Life In The Bubble (Of Music, That Surrounds My Head)

I live in Show Biz City but you’d never know it. Or, I’d.

I met some music friends for an early breakfast in the empty restaurant at the Sunset Marquis, which I know as a rock & roll hotel. Afterward I said to the valet on this rainy morning “Business kinda slow now?” He said, ‘No, we’re actually nearly full.” “Hmmm” I responded sagely with a worldly shrug of my shoulders. “Of course,” he said, “there’s the Oscars on Sunday.”

This was Thursday. The whole world knew about the Academy Awards, but the news hadn’t reached me. I was grateful he treated me, like most people do, as he would a slightly ‘off’ relative.

My Great Life

I’m drenched in music. It’s my lingua franca.
And that’s why it’s so wonderful to live here.

A friend of his recently screened Allan Arkush’s “Elvis Meets Nixon,” a Showtime movie from 1998. I didn’t remember much about it except that it was terrific, fantastic: the best Elvis characterization I’d ever seen. Allan was there, and chimed in with details - like commentary on a DVD, but only for the attendees 1. What a wonderful time! Most on hand knew nothing of the film, but left exhausted from laughter and amazement at how it balanced exaggeration with compassion.

If I had the proverbial million dollars I don’t know what I’d do differently than spend an evening like this.

1 It was projected from VHS. There never was a DVD, and it is not commercially available.

The Proud, the Few

The lack of sustained interest in the remarkable “Elvis Meets Nixon” is part of our - you, me - life in the bubble. This movie had many music and side references that crack “us” up, but sail over other people’s heads.

We are a slight sliver of the population. Movies like this one are made for us, and because of that they die. Another one that got away was Viva Schaf Vegas, a 1989 Showtime movie presenting Paul Schaffer as a tv show bandleader who chucks it all to become a Vegas entertainer. 2

The music references had me howling; a girl’s father played saxophone in the Rockin Rebels, who made “Wild Weekend” and performs it in a trailer park. Schaffer’s mentor is Sam Butera. He meets the Checkmates Ltd. and talks about their Spector record.

Manna from heaven for us but of no interest to anyone else. “Walk Hard” was another one full of music history references. But history could have told them it would flop because it was made for “us.”

Music doesn’t matter. People hear it, leave it behind - and certainly don’t know or care about its history.

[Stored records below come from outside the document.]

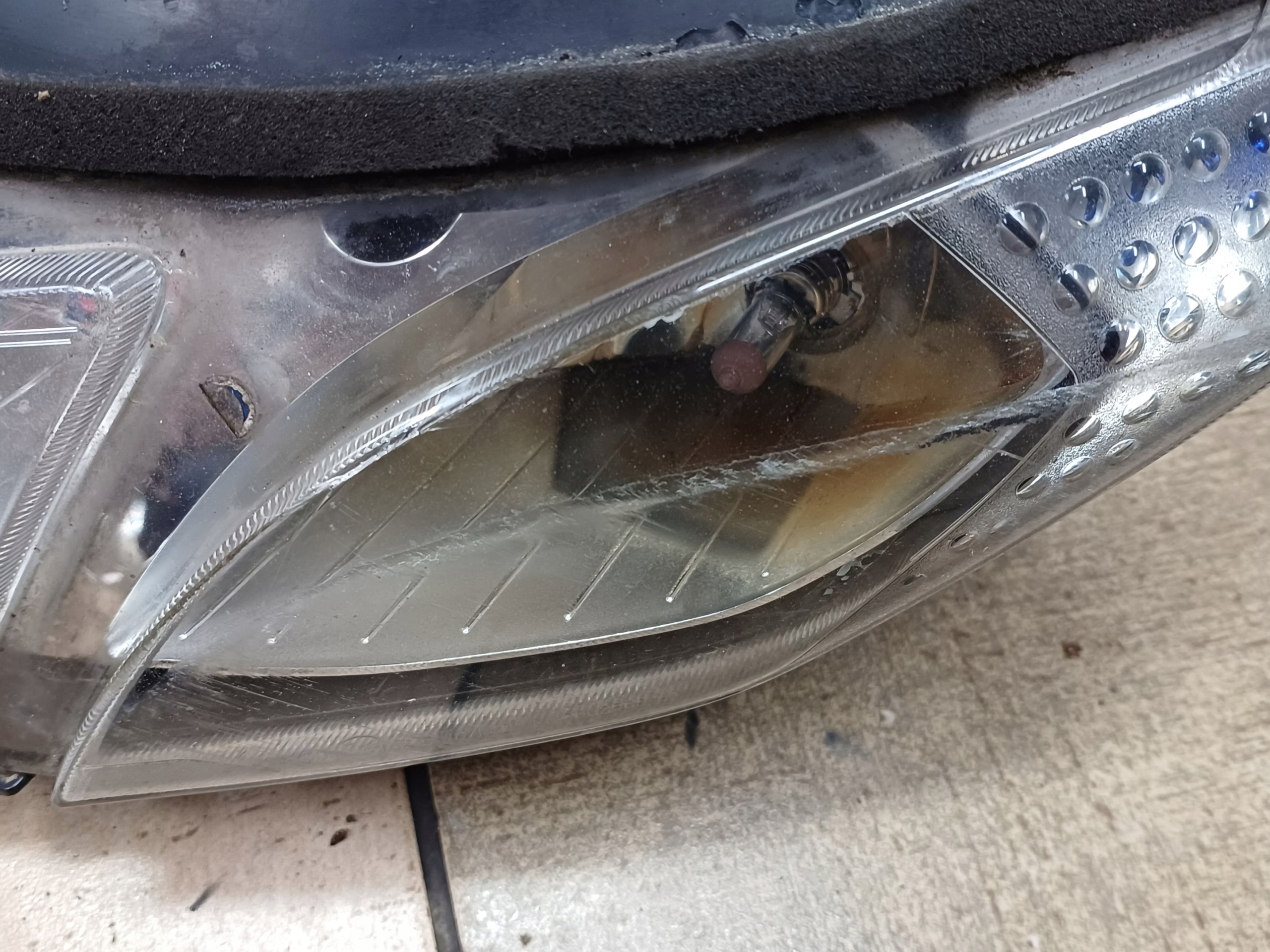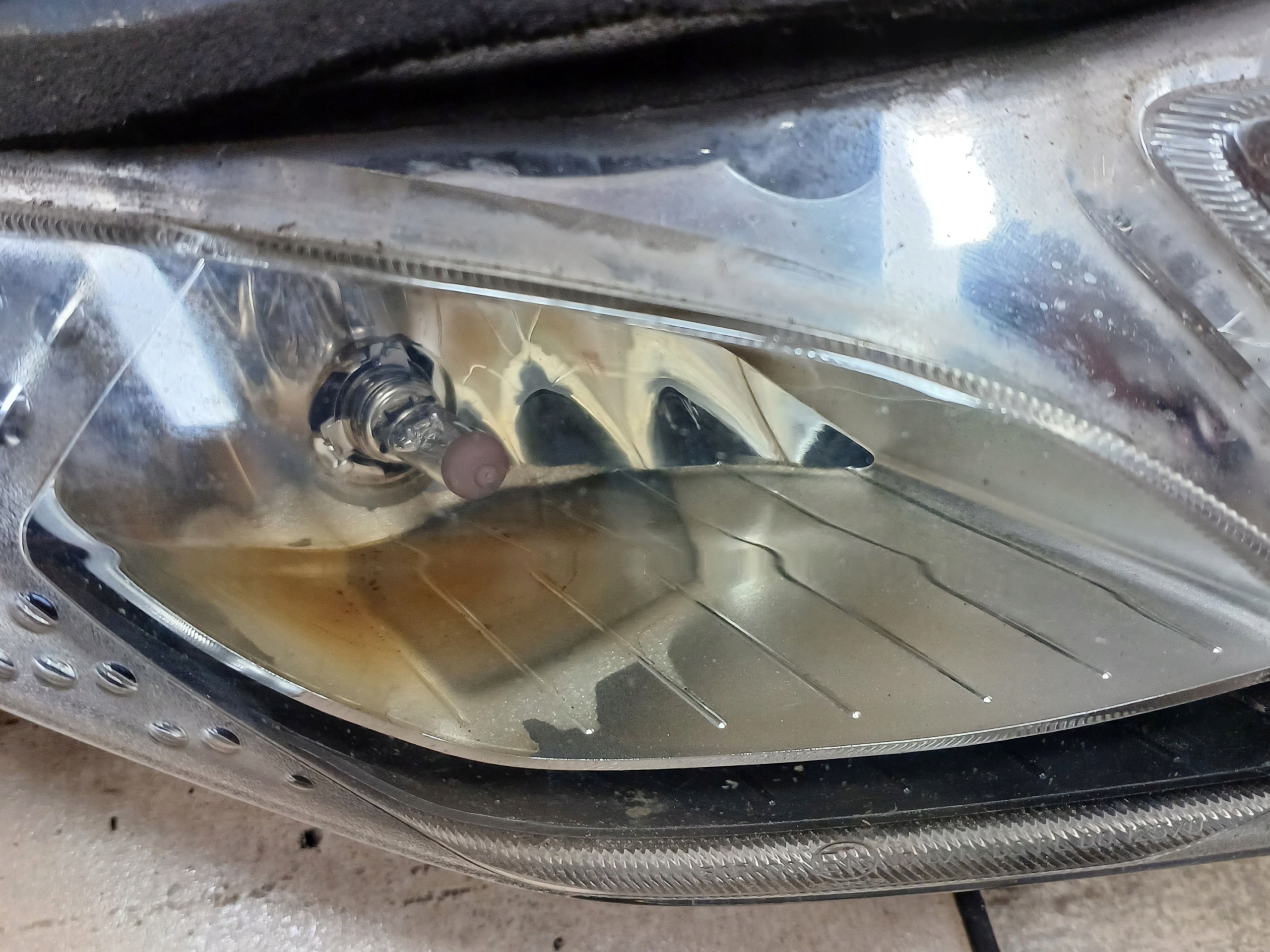 Є пошкодження, видимі на фото, обгорілий відбивач, подряпини та тріщини на абажурі. Задня кришка в порядку (одна зламана вкладка)
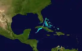 In anticipation of a tropical storm, warnings were issued for the Cayman Islands, the northwestern and central Bahamas, and the Cuban provinces of Matanzas, Cienfuegos, Villa Clara, Sancti Spíritus, and Ciego de Ávila on September 28.[16] However, the warnings were discontinued the following day after reports of the storm's prompt dissipation.[17] After forecasters warned of severe weather across the Cayman Islands, schools and government offices closed in low-lying areas,[18] and emergency teams cleaned out storm drains and readied shelters.[19] Thunderstorms in Grand Cayman forced Cayman Airways to cancel all express flights to Cayman Brac and Little Cayman on October 29; weather-resistant jet service was provided to stranded passengers.[18] A marine warning was required for all three islands due to rough sea conditions.[20][21]
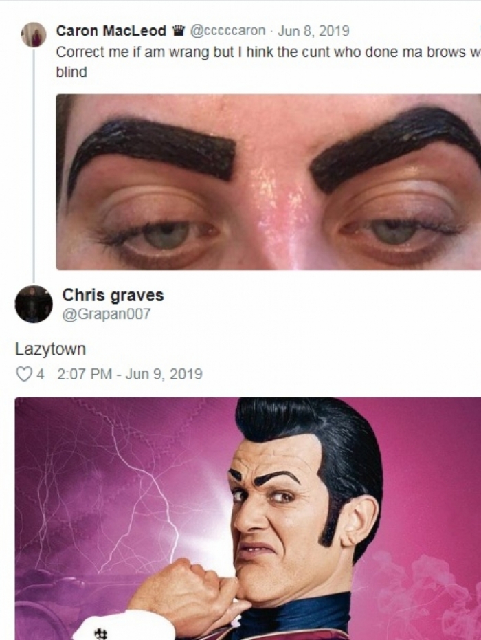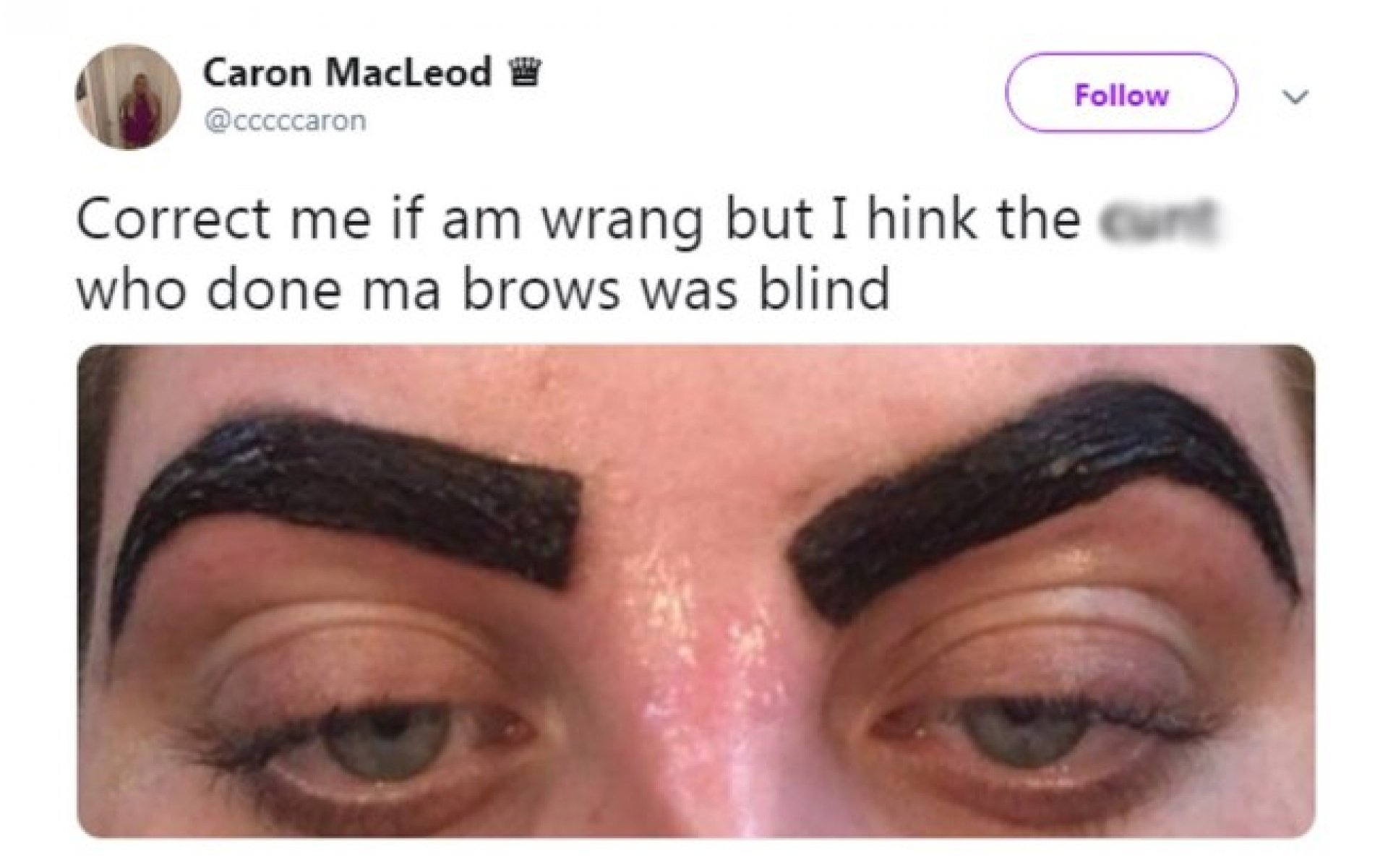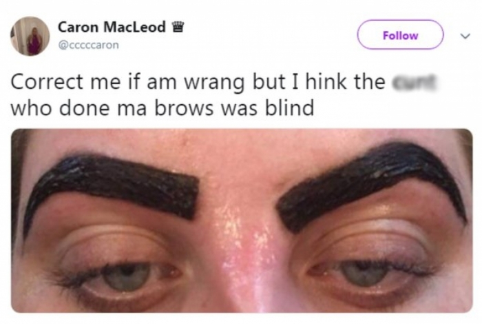 Ela compartilhou a foto das sobrancelhas ainda com a tinta no Twitter: "Me corrijam se eu estiver errada, mas acho que a **** que fez minha sobrancelha era cega". Além de perceber que a cor da tinta ainda está super escura, é possível ver que um dos desenhos está bastante diferente do outro (além de estar torto).
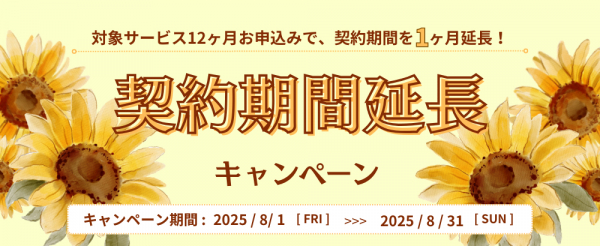 →上記サービスを契約期間12ヶ月間でご契約いただくと、契約期間を1ヶ月間延長!
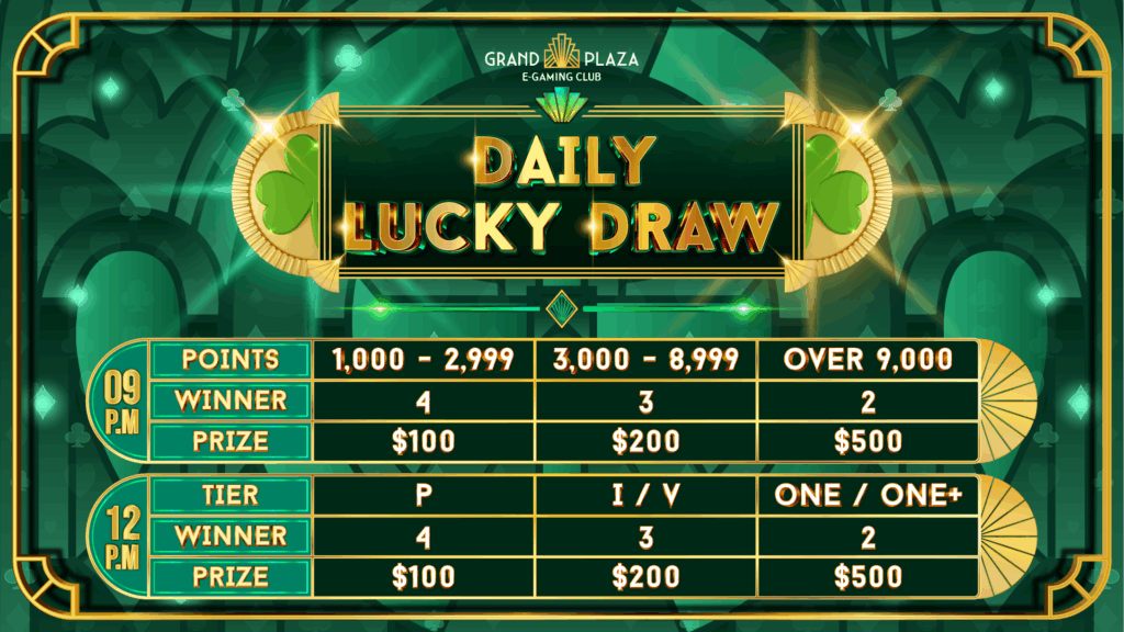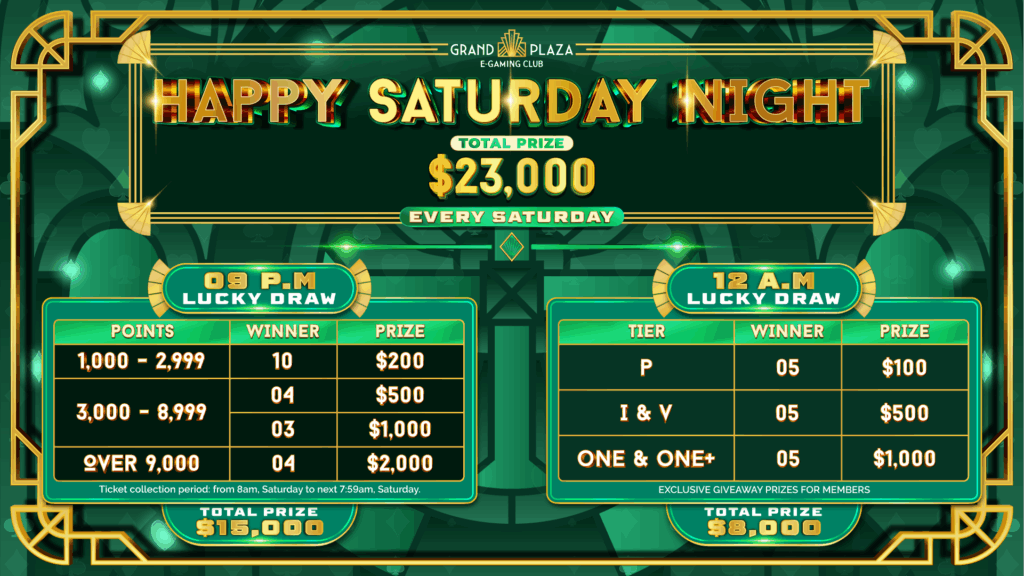 Enter our lucky draw game totalling $23,000 every Saturday night just by showing up.
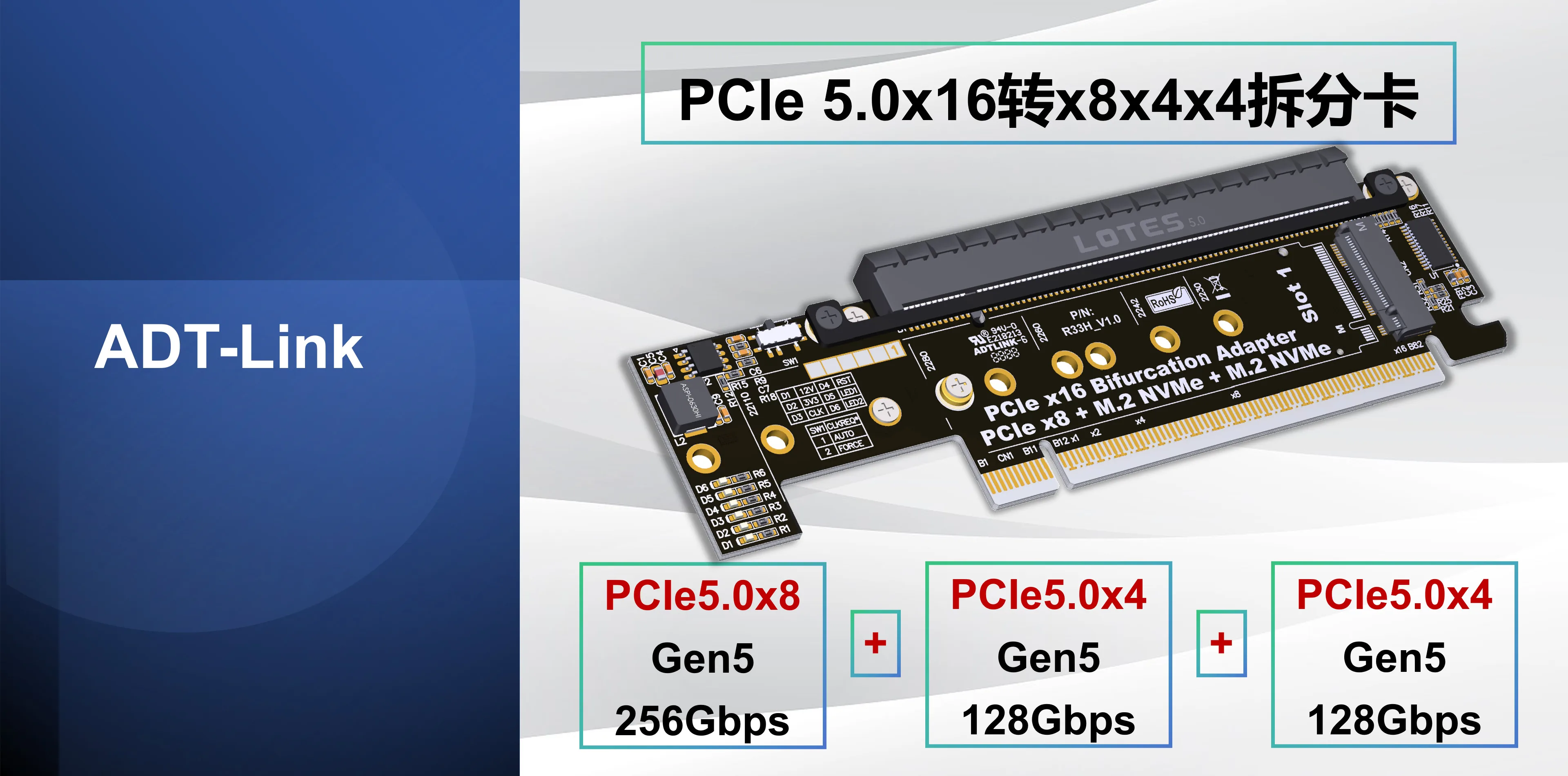 Nombre del producto:Tarjeta de expansión dividida PCIe 5.0 x16 a x8x4x4

2 This was years before the mid-90’s Jump/Louis Prima revival, and yhe current Lost Generation’s enthusiasm for that entirely-crap city.

We Can’t Do THAT!

Life under the corporate masters.

At Staples. “I’d like the $22.95 100-pack of Sony DVD-Rs.”
“They’re all gone.”
“When will they be back?”
“The sale is over Sunday.”
“So you’ll have them tomorrow?”
Derisive laughter. “We’re not getting any more! Today is Wednesday! The sale has been on for 4 days!” 3

MEANING: It is a 3-day, 2-day or 1-day sale. We put in a small amount of stock. You better run in here when we open on Sunday or tough shit.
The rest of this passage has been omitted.